- official title card
- Directed by: Kalyana Chandrasekara
- Written by: Kalyana Chandrasekara
- Produced by: Niro Films
- Starring: Udari Perera Dilhani Ekanayake Menik Wijewardena
- Cinematography: Lal Dias
- Edited by: Ruwan Chamara
- Music by: Sarath Wickrama
- Production company: Sarasavi studio
- Distributed by: Rithma (NFC)
- Release date: 15 March 2018;
- Country: Sri Lanka
- Language: Sinhala

= Seya (film) =

Seya (සේයා) is a 2018 Sri Lankan Sinhala horror film written and directed by Kalyana Chandrasekara and co-produced by A. Parister and Tharanga Athuraliya for Niro Films. It stars an all-female cast of 36 actresses, including, Udari Perera, Dilhani Ekanayake and Menik Wijewardena in lead role along with Deepani Silva, Vishaka Siriwardana and Gayathri Dias. Music composed by Sarath Wickrama. It is the first Sri Lankan film with an all-female cast. It is the 1299th Sri Lankan film in the Sinhala cinema.

title card

The film has been shot around Matale and Riverston areas.

==Plot==
At the beginning of the film, it shows a girl placing a flower bouquet on a grave. One lady there, (I.P.Waruni) recalls her past and the film continues...

The film follows a story of a troupe of girls who are on an adventure to unearth the truth behind the death of a young girl called Krishani Mendis (fictional character) in the cold hill country.
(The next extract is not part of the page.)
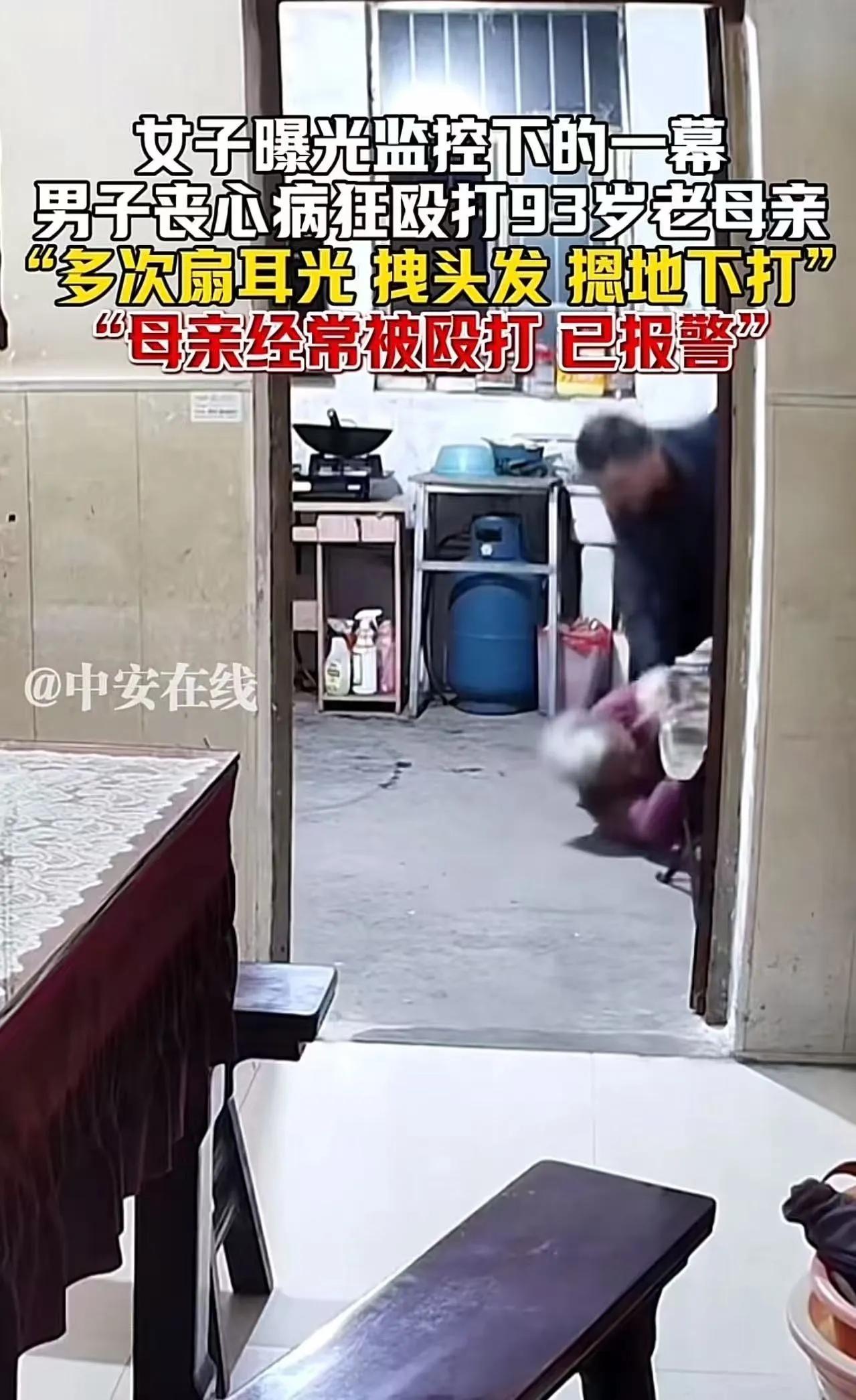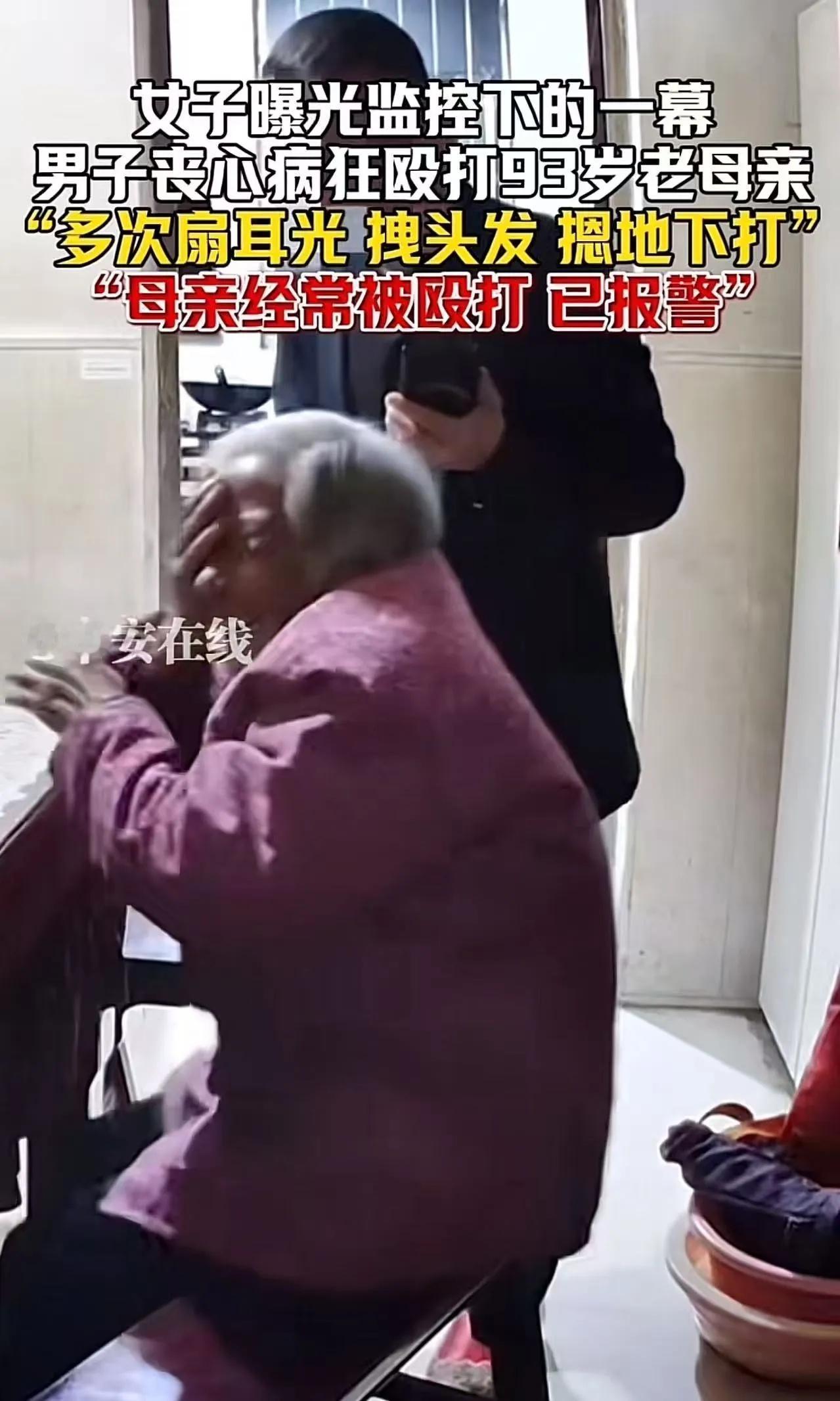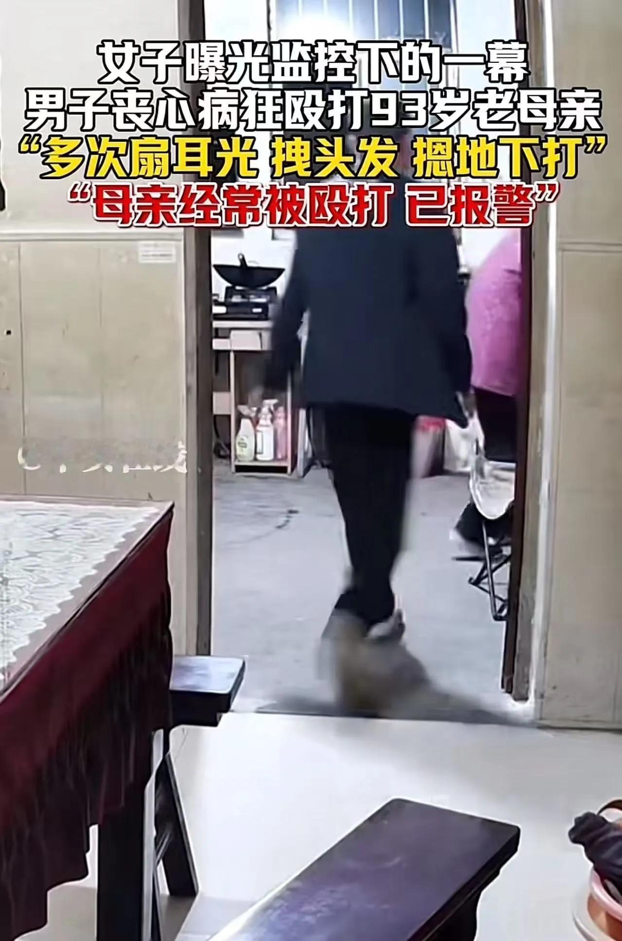 我的天!江苏这事儿看得我心里发堵!儿子居然对93岁的亲妈动手,也太让人揪心了! 跟你们唠唠,这老人一直被儿子这么对待,女儿实在没办法,才偷偷装了监控留证据。 就因为几句拌嘴,那男的居然抬手扇耳光、拽着老人头发往地上摁,还抬脚踹!老人瘦得只剩一把骨头,哭着想跑都被追上摁住,打完他倒好,骂骂咧咧去吃饭了,跟没事人似的。 生养一场,对年迈的亲妈下这样的手,实在让人寒心!孝道从来不是嘴上说说,连最基本的尊重都没有,该有的规矩和惩罚可不能少。

The murderer is Nimesha, the elder sister of Nirasha (Udari) who is one of the girls who meet the spirit of Krishani in human form when they go to make a film in the hill country. Krishanthi calls herself Maduka, which isn't her real name.

The girls meet Maduka on their way to the villa where they stay on the days of shooting their film. Maduka tells them that her vehicle has broken down. The girls invite her to join them. They have a great time there. Sometimes they make the housekeeper annoyed. Nirasha writes the stript for their story. One night, the spirit of Krishani takes over Nirasha's body.
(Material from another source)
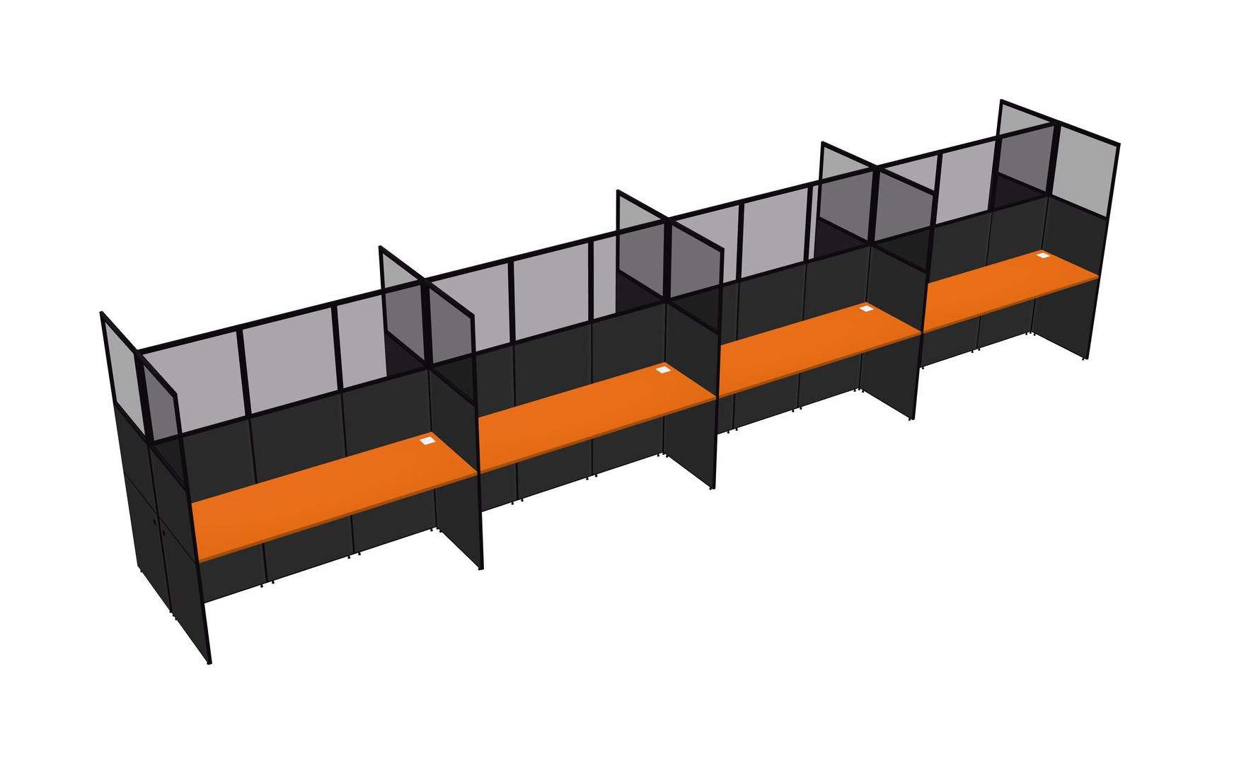 Orange Shared Rectangular Office Cubicle Panel System For 8 Persons

One of the girls gets injured in shooting the film so Maduka is asked to act instead of her. When they come home, they watch the film they made and admire Maduka's acting.

Meanwhile, one of the girls finds a newspaper advertisement that says it's a year since a person called Krishani Mendis had died. She notices that the picture in the advertisement is similar to Madukha's. She is horrified, and tells the other girls about this.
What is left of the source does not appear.